#include <iostream>

using namespace std;

class Player
{protected:
int health;
int mana;
public:
	
	Player :: Player()
	{
		health = 0;
		mana = 0;
	}
	Player :: Player(int Health, int Mana)
	{
		health = Health;
		mana = Mana;
	}
	int GetHealth()
	{
		return health;
	}
	int GetMana()
	{
		return mana;
	}
	void SetHealth(int Health)
	{
		health = Health;
	}
	void SetMana(int Mana)
	{
		mana = Mana;
	}
	~Player()
	{}


};

int main()
{
	Player *player1 = new Player();
	Player player2(10,20);

	cout << player1 -> GetHealth() << "\n" << player2.GetHealth();

	return 0;
}

Alright, I'm trying to familiarize myself with the class system within C++ and I'm running into an odd problem.

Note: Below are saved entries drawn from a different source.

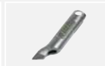
Tacking nozzle 147.248
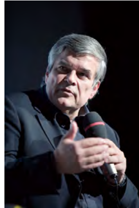
Ulrich Tilgner, Tehran, Near and Middle east Expert, Special Correspondent for TV channels, moderating the Plenary session on “terrorism and Human Security” at IDRC Davos 2006
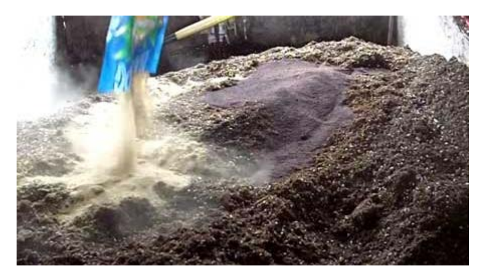
17.) Add Epsom Salt
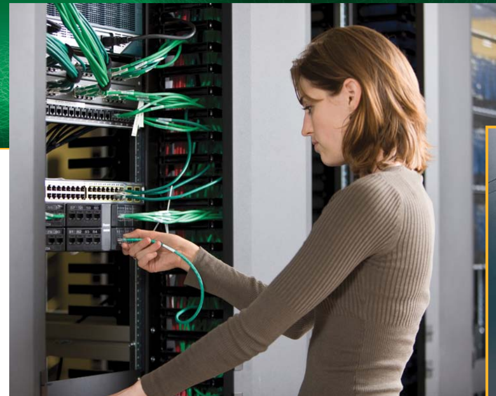
Cisco IT needed a new data center architecture that would consolidate I/O at the access layer and increase bandwidth in the core. They wanted to improve operational efficiency by standardizing on Ethernet and IP standards-based technologies whenever available, which made Fiber Channel over Ethernet the preferred choice.

In September 2008, Cisco IT deployed the Nexus 7000 and 5000 Switches
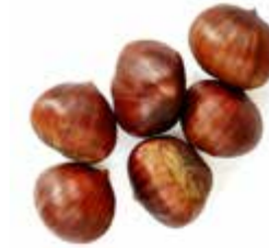
Fresh Chestnut SAP CODE: NUT001 PACKING: 5 KG ORIGIN: FRANCE
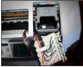
Remove the cartridge-car back to right
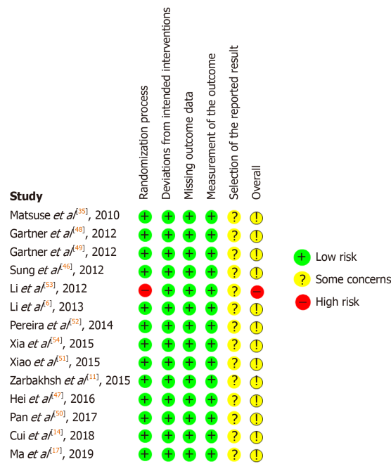
Figure 3 Risk of bias in individual studies.

and intravenous BMMSC administration in sciatic nerve injury models suggest that systemic treatment provides a more significant improvement in nerve conduction, whereas local treatment improved neuronal fibre counts [62] . Other experiments have shown that peripherally injected MSCs localise to nerve lesions in murine models of sciatic nerve injury [63] . It could be inferred from these findings that there are differing mechanisms and sites of action for the two methods of implantation, suggesting that a treatment regime including both delivery methods concomitantly may produce the best outcome.
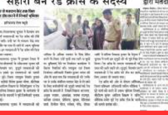
दिवांग जन व बुजुर्ग मतदाताओं का सहरा बने रेड क्रॉस के सदस्य
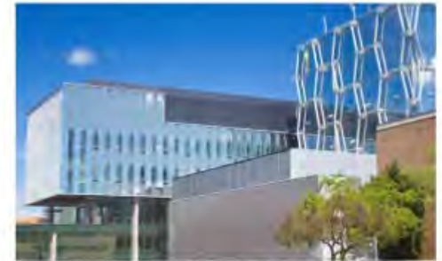
Institute for Quantum Computing and Nanotechnology
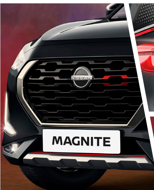
RED accent on front grille & front bumper cladding
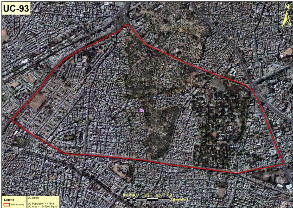
Figure 1: Map of UC 93
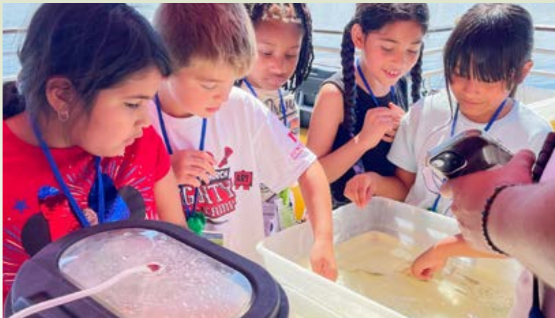
Students meet river life, often for the first time, on the Elizabeth River Project's Dominion Energy Learning Barge.

“Our wild idea seemed like an impossible experiment, but we made it happen” says
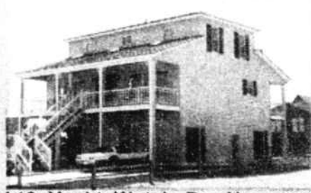
149 Yacht Watch Dr.—New construction, plenty of extras. 3 BR, 3 1/2 baths, rooftop sundeck, landscaped lot. Must see. $179,900. Call broker.
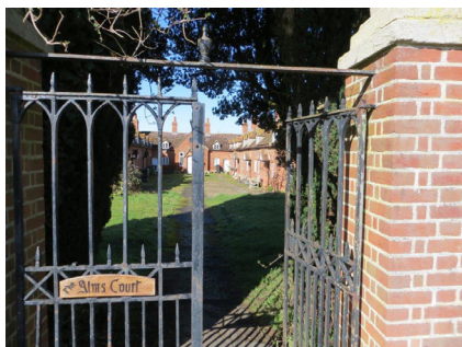
Almshouses at Lyford Village

4 Leaving Denchworth Village by a double bend in the road carry on along the lane. The first turning left (after about half a mile) provides a shortcut to the later stages of this route for those wanting a shorter cycle ride (see map). Staying with our route however, about 400 yards further on take the next lane left signposted to Lyford. After about \frac{3}{4} mile the lane makes a sharp left bend, followed soon afterwards by another to the right in Lyford Village. After
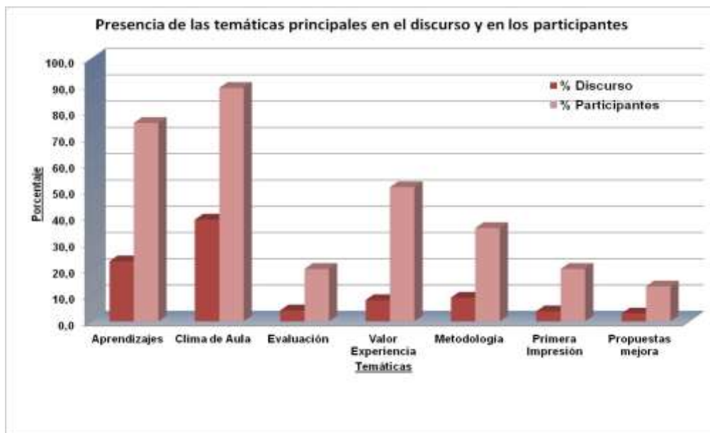
Graph 1. Presence of the main subjects in the discourse and by the participants
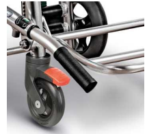
171J Removable left lever with ergonomic handle for Extra chairs.
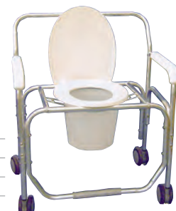
Standard Seat w/Pail
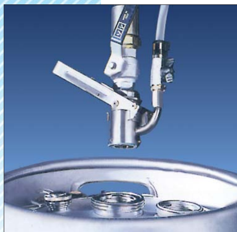
Filling coupling for used solvent

Once the empty SAFE-TAINER system has been delivered, simply fit the accessory parts into their correct position to make the connection. The air expelled as the container is filled, is automatically fed back into the machine via the integrated solvent vapour return hose. The container is fitted with an electrical overfill protection device which will switch the machine pump off automatically as soon as the fill level has been reached.
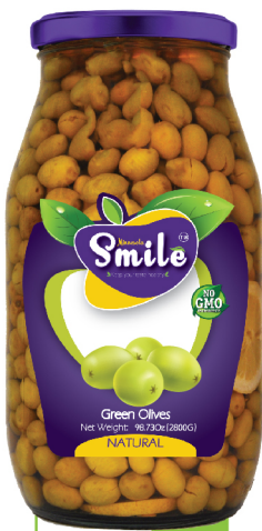
Item #Mo202 (4) Box
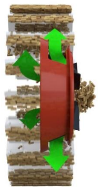
Even material distribution over the complete knife ring width
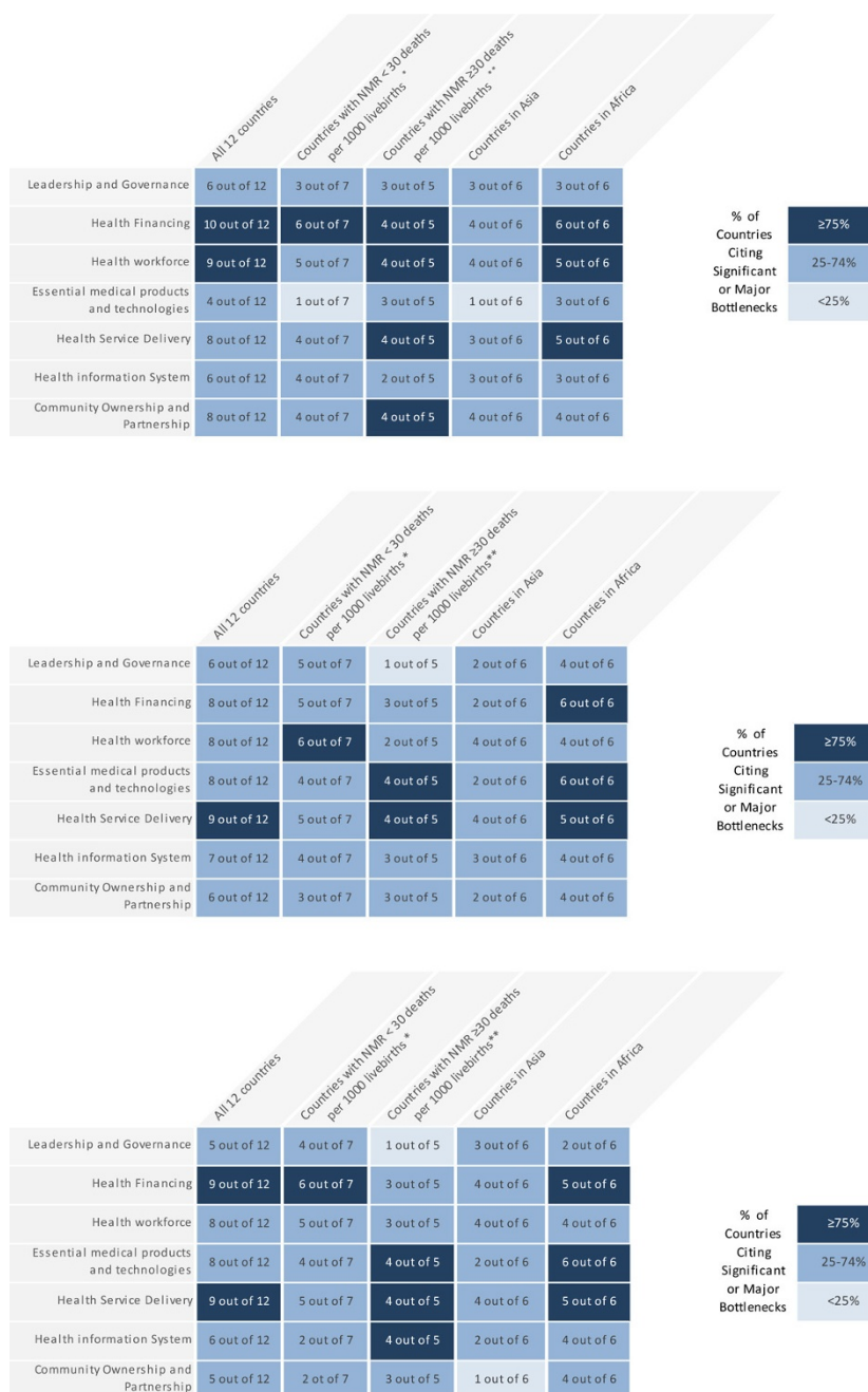
Figure 2 Very major or significant health system bottlenecks for labour and birth. NMR: Neonatal Mortality Rate *Cameroon, Kenya, Malawi, Uganda, Bangladesh, Nepal, Vietnam. **Democratic Republic of Congo, Nigeria, Afghanistan, India, Pakistan. See additional file 2 for more details. Part A: Grading according to very major or significant health system bottlenecks for skilled birth attendance as reported by twelve countries combined. Part B: Grading according to very major or significant health system bottlenecks for basic emergency obstetric care (BEmOC) as reported by twelve countries combined. Part C: Grading according to very major or significant health system bottlenecks for comprehensive emergency obstetric care (CEmOC) as reported by twelve countries combined.

standards for essential care at all levels, including in the private sector. Teams suggested improved context-specific planning at all levels in order to reduce unmet need and address inequities by focusing on marginalised and hard-to-reach population groups. The need for rational
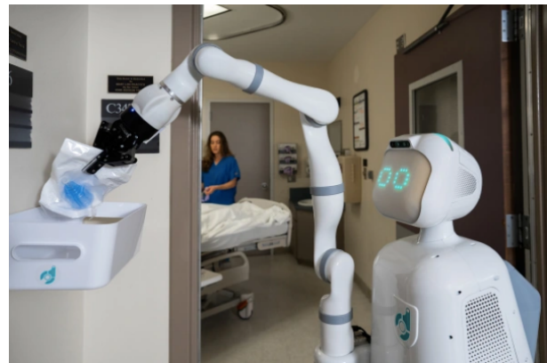
Fig. 6. Robot that assists patient in hospital in different tasks

Moreover, service robots will need to help keep health-care workers safe by transporting supplies and bedding in hospitals, where exposure to pathogens is a risk (see Fig. 6). Cleaning and disinfection robots will also limit exposure to pathogens and help reduce hospital-acquired infections. In addition, social robots will be able to provide more and more assistance in hospitals, such as lifting weights, moving beds, patients, trolleys with medicines, and thus helping to reduce the physical effort of health workers.
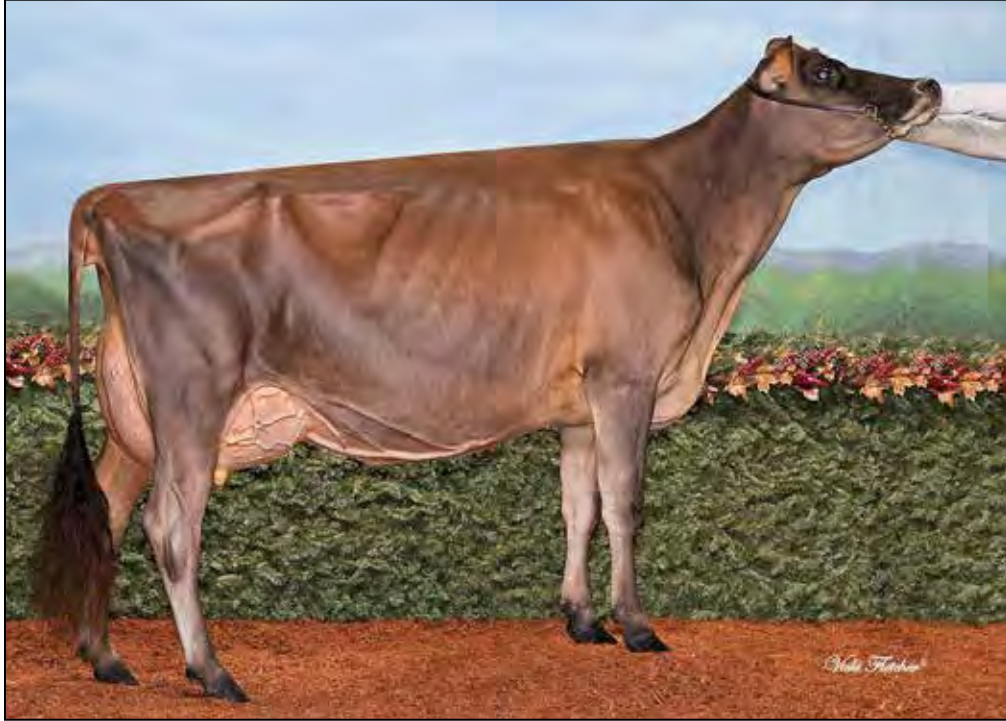
ESPERANZA GA VIVIAN EX-93 DAM OF LOT J1

The above code gets me the health of player1 and player2, however, this was after a bit of researching as my first attempt attempted to get player1's health by doing

...
Player player1();
Player player2(10,20);
cout << player1.GetHealth()<< "\n" << player2.GetHealth();
...

The above snippet won't compile as it says player1 needs to declare a class, but if removed player2's health works fine.

My questions are:

1. why does the void constructor not work when initialized this way, but the overloaded constructor does?
2. When a pointer is declared

Player *player1 = new Player();

where is it pointing to? Does it create a memory address not attached to a variable where Player() is initialized?

Think I'm not understanding new as you can't declare

Player player1 = new Player();

as new Player() is a pointer type.

3. What exactly is ->? I noticed it was used in some code when calling functions tied to a variable whose class needs internal functions to be called. However, exactly what it is I wasn't entirely sure of. Google didn't bring up too much meaningful info on it.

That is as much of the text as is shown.